Provided data
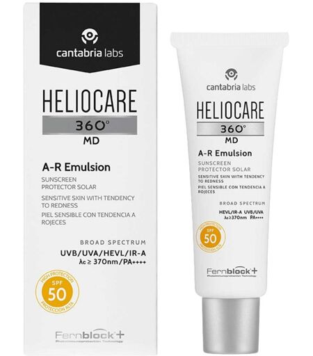 Anwendungsgebiet von Heliocare 360° A-R EmulsionHeliocare 360° A-R Emulsion ist ein hoher Sonnenschutz (UVA, UVB, HEVL, Infrarot-A Strahlung) welcher speziell für die Bedürfnisse von Patienten mit Rosazea oder zu Rötungen neigender Haut formuliert ist.
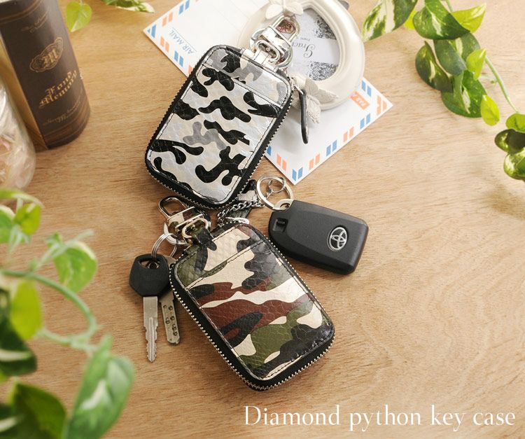 ダイヤモンド パイソン レザー スマート キーケース カモフラ 迷彩柄【ネコポスで送料無料】 4FA
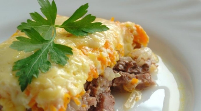 Говядина с овощами под сыром Ингредиенты:Охлажденное азу, или гуляш из говядины, или целый кусок говядины духовой (тазобедренная часть) — 1-1,1 кгМорковь крупная — 2 шт. (400 г) Лук репчатый — 4 шт. (400-450 г) Сыр полутвердый (например, "Тильзитер" или "Гауда" 48%) — 150-160...

Exercise objective
Transcribe the material exactly, and leave out whatever pictures it holds.

Solution for this task
 Anwendungsgebiet von Heliocare 360° A-R EmulsionHeliocare 360° A-R Emulsion ist ein hoher Sonnenschutz (UVA, UVB, HEVL, Infrarot-A Strahlung) welcher speziell für die Bedürfnisse von Patienten mit Rosazea oder zu Rötungen neigender Haut formuliert ist.
 ダイヤモンド パイソン レザー スマート キーケース カモフラ 迷彩柄【ネコポスで送料無料】 4FA
 Говядина с овощами под сыром Ингредиенты:Охлажденное азу, или гуляш из говядины, или целый кусок говядины духовой (тазобедренная часть) — 1-1,1 кгМорковь крупная — 2 шт. (400 г) Лук репчатый — 4 шт. (400-450 г) Сыр полутвердый (например, "Тильзитер" или "Гауда" 48%) — 150-160...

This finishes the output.